TTS has become one of the major applications of the Natural Language Processing (NLP) technique. Various researchers have worked on speech synthesis processes in literature since the significance of novel applications has increased, such as the information retrieval services over the telephone like banking services, announcements at public locations such as train stations and reading manuscripts to collect the data [12]. Many research works have been conducted earlier in two languages, English and French, in the domain of TTS. However, other languages like Arabic are yet to be explored in detail. Sufficient space exists for the growth and development of research works in this arena. So, the development of an Arabic Text-To-Speech system is still in the nascent stage. Hence, this project’s scope is limited in terms of providing the guidelines for developing an Arabic speech synthesis technique and changing the methodology to overcome the difficulties experienced by the authors in this domain. This is done to help the researchers build highly-promising Voice-to-Text applications for the Arabic language [13].

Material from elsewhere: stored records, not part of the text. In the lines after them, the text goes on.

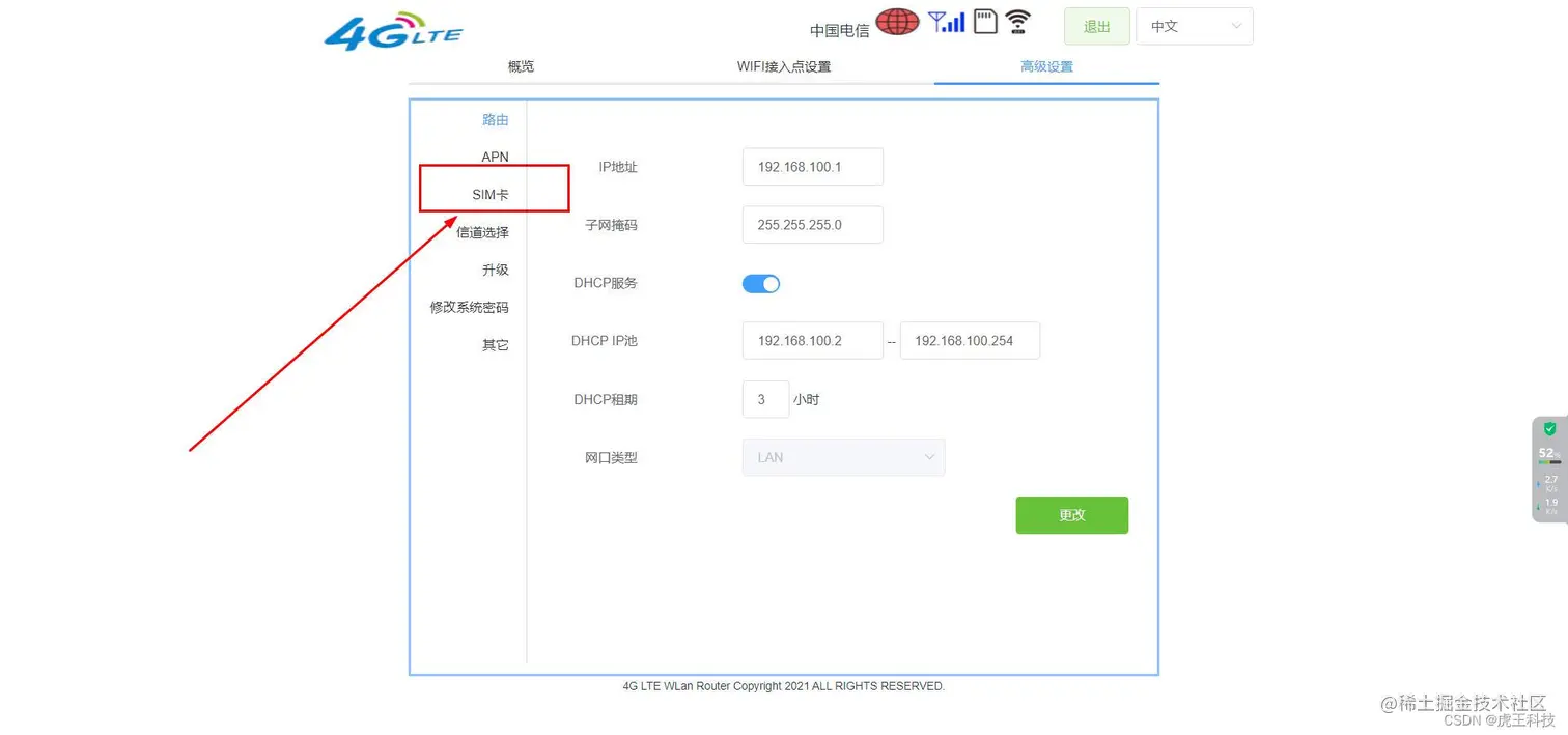 打开 WiFi的 网关 例如 192.168.100.1 每个设备可能不一样 自行看
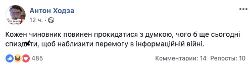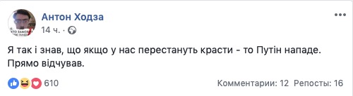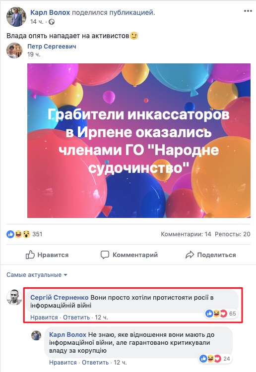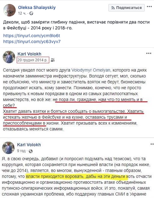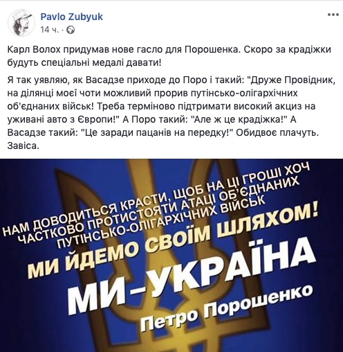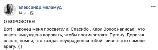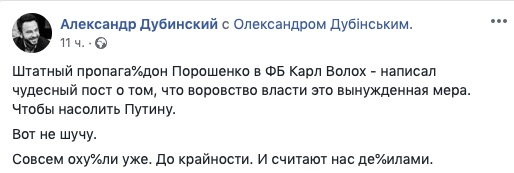 Украинские власти воруют меньше, чем до 2014 года, и вынуждены это делать, чтобы противостоять атаке путинско-олигархических информационных войск. Об этом на своей странице в Facebook заявил блогер и активист Карл Волох.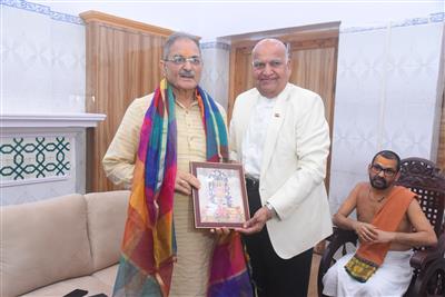 SHIMLA-10th April, 2026-Governor Kavinder Gupta today visited Dharmasangh Mahavidyalaya at Civil Lines, New Delhi and paid obeisance to revered saint and Mata Lalita devotee, Pujya Swami Abhishek Brahmachari Ji.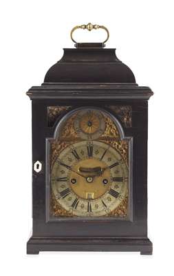 GEORGE I EBONISED BRACKET CLOCK BY SIMON DE CHARMES, LONDON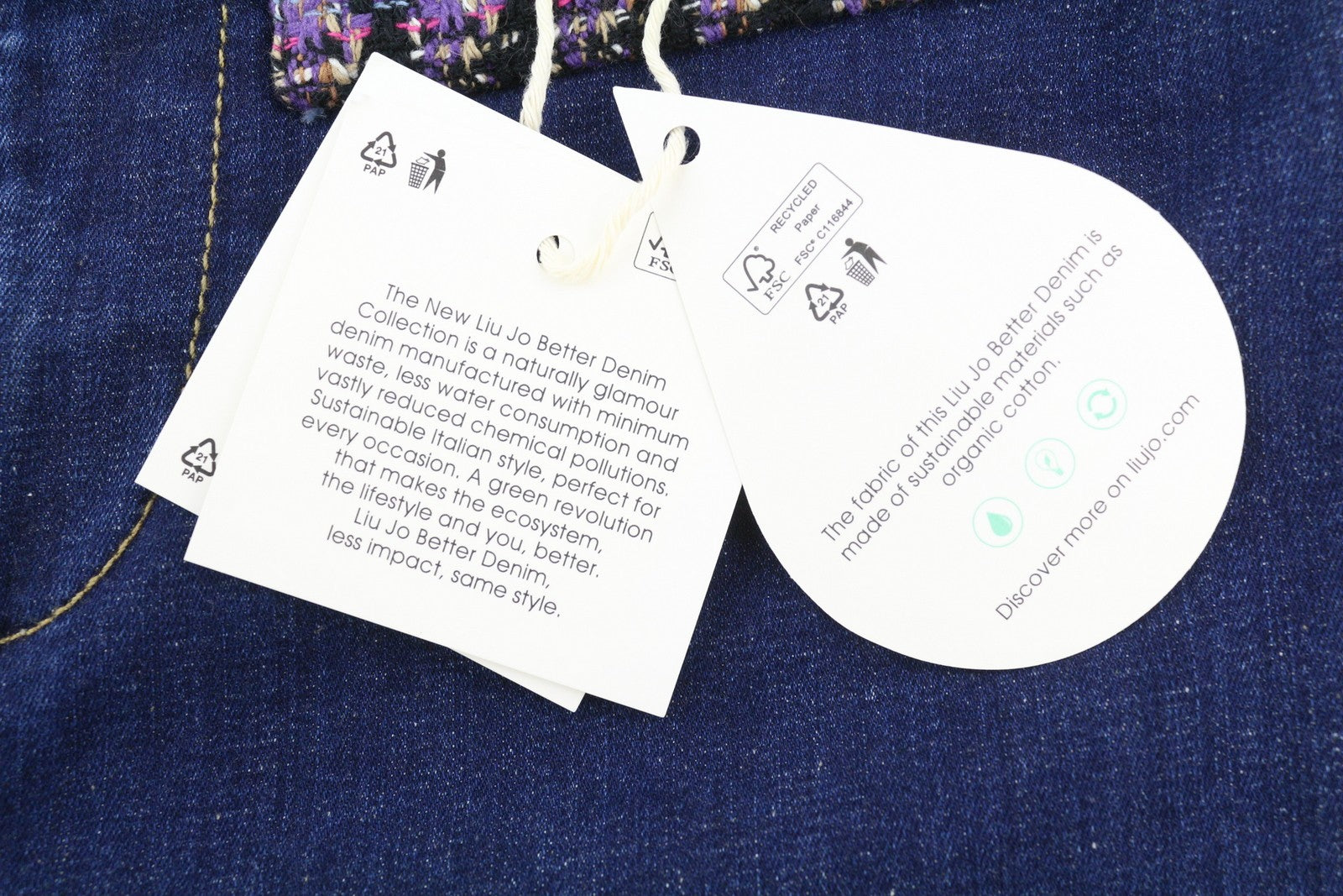 LIU JO Fringed Women Jeans 42 High Waist Flare Blue Denim Zip Fly Logo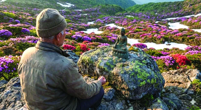 Ông trân trọng đặt tượng Phật trên tảng đá to rồi trải tấm bạt ngồi xuống. Trên đỉnh núi cao hùng vĩ giữa không gian thanh tịnh tinh khiết, ông Ken chắp tay thành kính trước ngực, thở nhẹ, thở sâu. Ông nhìn Phật với đôi mắt cung kính tràn đầy yêu thương.

In the study conducted earlier [14], a new structure was devised for signer-independent sign language detection with the help of multiple DL architectures. This method had hand-shaped feature representations, Deep Recurrent Neural Network (RNN) and semantic segmentation. An advanced semantic segmentation technique, i.e., DeepLabv3+, was trained to utilize pixel-labelled hand images to extract hand regions from every frame of the input video. Then, the extracted hand regions were scaled and cropped to a fixed size to alleviate the hand-scale variations. The hand-shaped features were attained with the help of a single-layer Convolutional Self-Organizing Map (CSOM) instead of a pre-trained Deep Convolutional Neural Network (CNN). In literature [15], a prototype was developed for a text-to-speech synthesizer for Tigrigna Language.

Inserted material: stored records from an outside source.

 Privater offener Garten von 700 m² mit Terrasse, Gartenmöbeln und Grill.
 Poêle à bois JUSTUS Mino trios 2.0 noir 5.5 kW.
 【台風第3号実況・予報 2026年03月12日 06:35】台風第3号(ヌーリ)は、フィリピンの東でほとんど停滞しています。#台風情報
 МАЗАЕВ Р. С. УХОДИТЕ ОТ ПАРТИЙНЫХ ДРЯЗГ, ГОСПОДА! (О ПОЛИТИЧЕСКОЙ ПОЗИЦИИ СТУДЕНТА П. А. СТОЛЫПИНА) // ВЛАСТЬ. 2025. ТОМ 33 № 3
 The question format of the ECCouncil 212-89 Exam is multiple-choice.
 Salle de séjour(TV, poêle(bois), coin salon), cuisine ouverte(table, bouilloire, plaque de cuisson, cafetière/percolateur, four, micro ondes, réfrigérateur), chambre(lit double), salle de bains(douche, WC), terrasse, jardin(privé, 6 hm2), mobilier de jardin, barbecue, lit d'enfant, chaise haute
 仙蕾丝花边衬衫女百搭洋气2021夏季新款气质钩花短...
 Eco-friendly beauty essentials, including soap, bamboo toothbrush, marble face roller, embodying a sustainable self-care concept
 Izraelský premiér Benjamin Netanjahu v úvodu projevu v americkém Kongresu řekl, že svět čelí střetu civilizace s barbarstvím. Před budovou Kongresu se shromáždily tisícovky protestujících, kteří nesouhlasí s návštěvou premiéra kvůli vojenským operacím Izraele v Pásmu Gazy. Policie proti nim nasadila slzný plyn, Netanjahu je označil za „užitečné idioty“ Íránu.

In literature [16], the Arabic version of the data was constructed as a part of MS COCO and Flickr caption data sets. In addition, a generative merger method was introduced to caption the images in the Arabic language based on CNN and deep RNN methods. The experimental results inferred that when using a large corpus, the merged methods can attain outstanding outcomes in the case of Arabic image captioning. The researchers [17] investigated and reviewed different DL structures and modelling choices for recognising Arabic handwritten texts. Moreover, the imbalanced dataset issue was overcome by offering the model to the DL mechanism. To face this problem, a new adaptive data-augmentation method was presented to promote class diversity. Every word was allocated weight in the database lexicon. The authors [18] aim to automatically detect the Arabic Sign Language (ArSL) alphabet using an image-related method. To be specific, several visual descriptors were analyzed to construct an accurate ArSL alphabet recognizer. The derived visual descriptors were conveyed to the One-vs.-All Support Vector Machine (SVM) method.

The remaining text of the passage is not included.